---- THE DATA

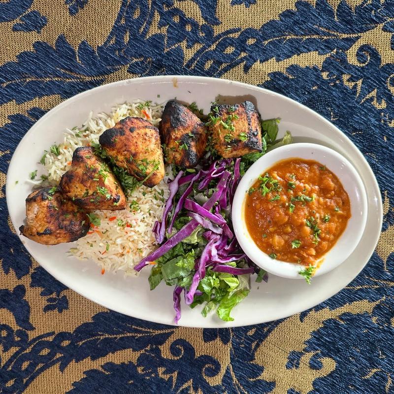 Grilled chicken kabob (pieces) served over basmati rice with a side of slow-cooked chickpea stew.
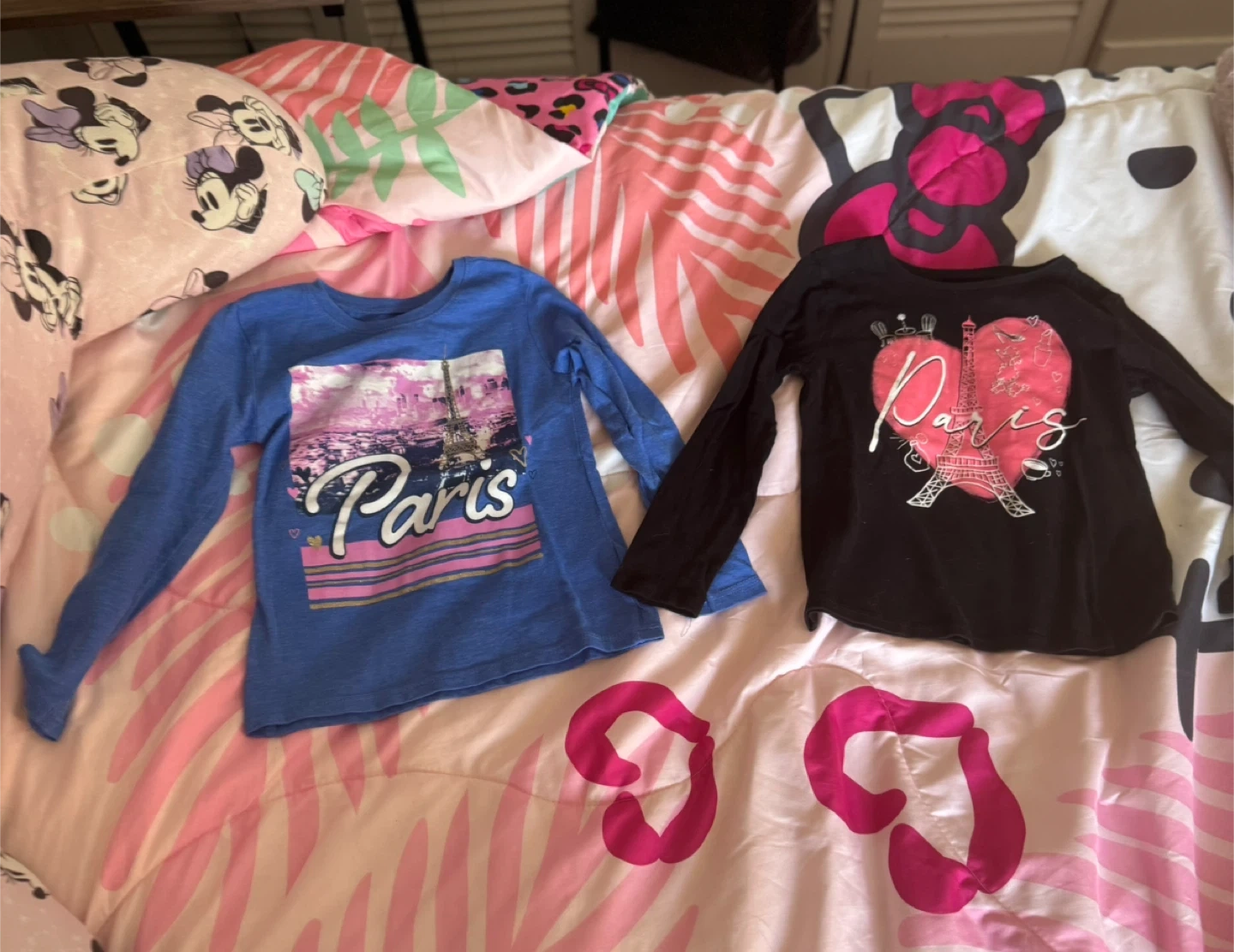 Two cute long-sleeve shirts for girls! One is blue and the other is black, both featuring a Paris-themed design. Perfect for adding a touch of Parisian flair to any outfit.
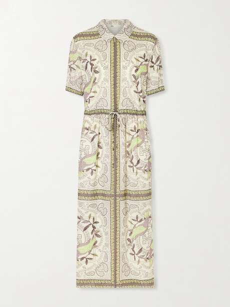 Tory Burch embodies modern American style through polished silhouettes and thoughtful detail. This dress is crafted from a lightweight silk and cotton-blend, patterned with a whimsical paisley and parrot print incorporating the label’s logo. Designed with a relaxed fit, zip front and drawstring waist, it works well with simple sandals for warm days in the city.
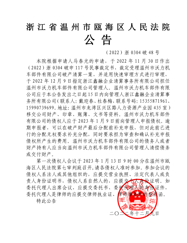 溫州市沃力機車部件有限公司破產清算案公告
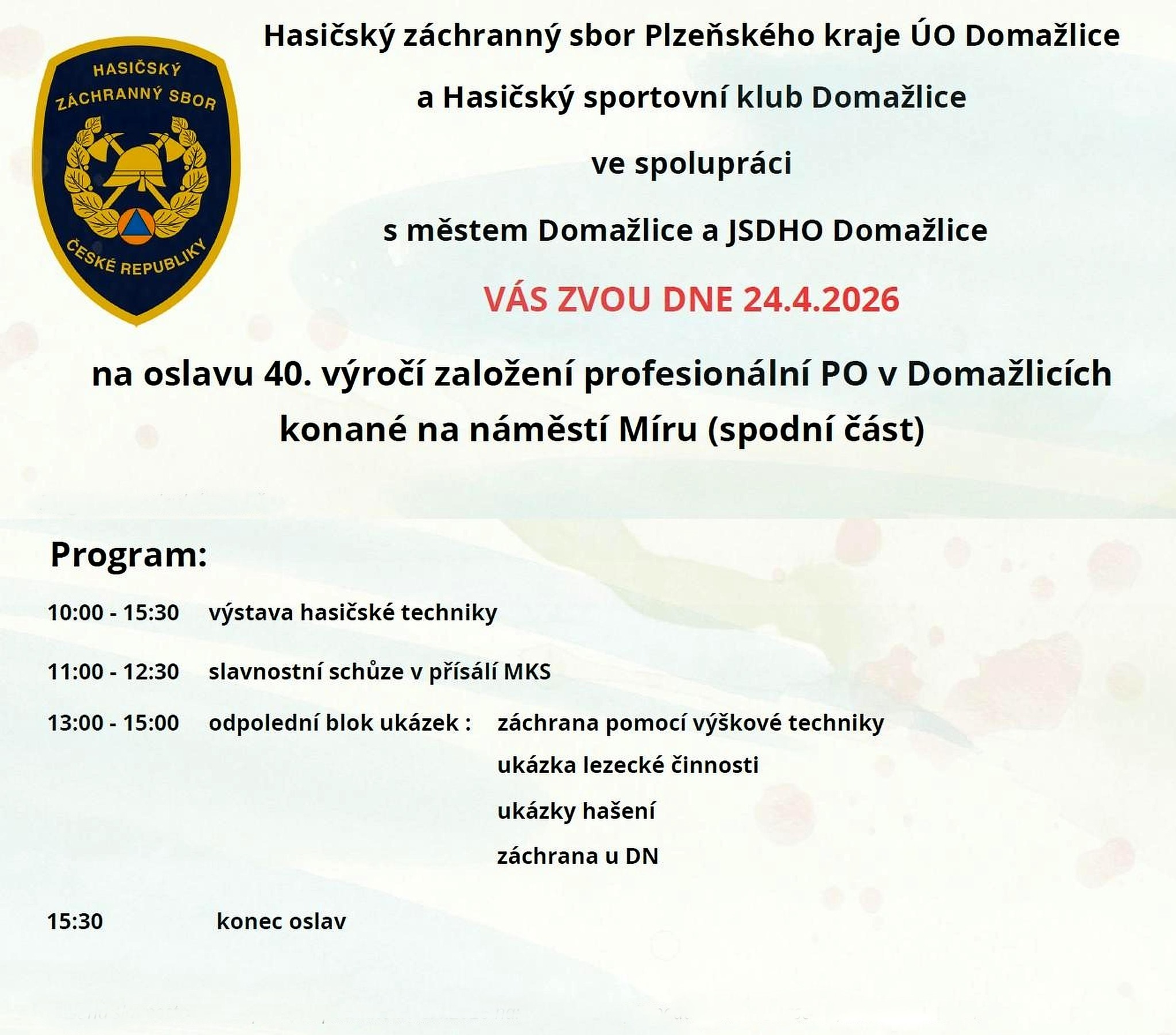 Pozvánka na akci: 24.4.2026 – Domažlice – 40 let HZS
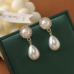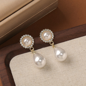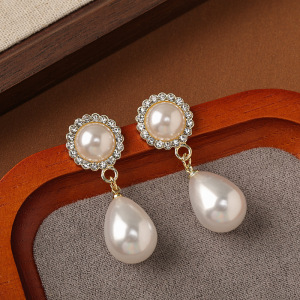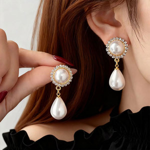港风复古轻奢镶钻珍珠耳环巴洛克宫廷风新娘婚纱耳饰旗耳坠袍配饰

--------
---- THE DATA

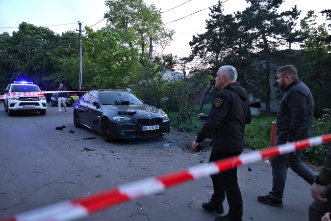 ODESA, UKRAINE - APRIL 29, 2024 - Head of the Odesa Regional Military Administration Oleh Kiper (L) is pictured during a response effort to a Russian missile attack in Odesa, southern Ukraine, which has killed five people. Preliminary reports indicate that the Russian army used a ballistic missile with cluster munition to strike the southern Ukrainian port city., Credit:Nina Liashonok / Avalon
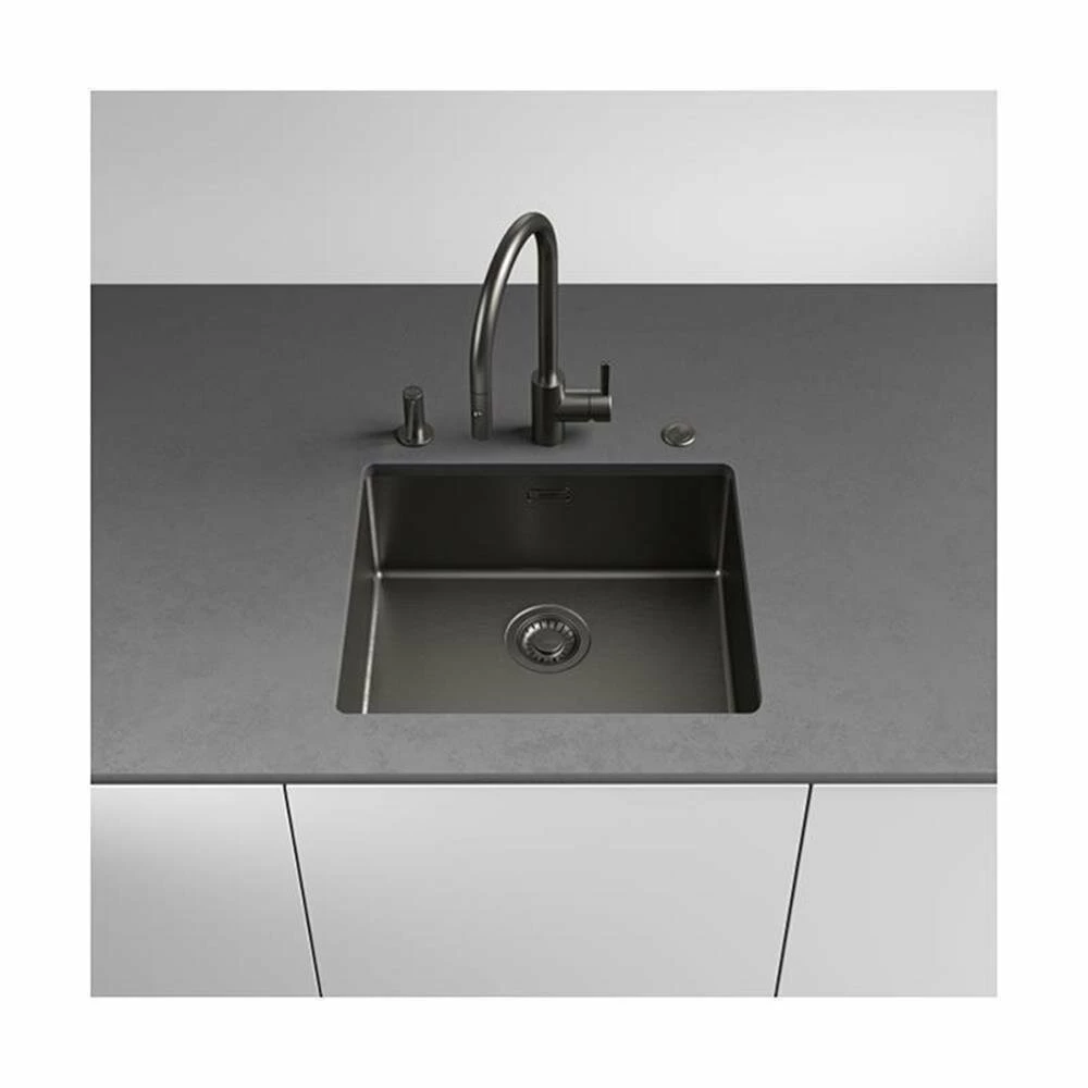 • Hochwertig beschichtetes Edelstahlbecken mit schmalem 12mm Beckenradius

--------

- [WORK TO BE COMPLETED]
In the listing above, find the line containing "Grilled chicken kabob" and the line containing "Two cute long-sleeve", then write out both of them and every line between, exactly, with no pictures.

- [RESPONSE TO THE TASK]
 Grilled chicken kabob (pieces) served over basmati rice with a side of slow-cooked chickpea stew.
 Two cute long-sleeve shirts for girls! One is blue and the other is black, both featuring a Paris-themed design. Perfect for adding a touch of Parisian flair to any outfit.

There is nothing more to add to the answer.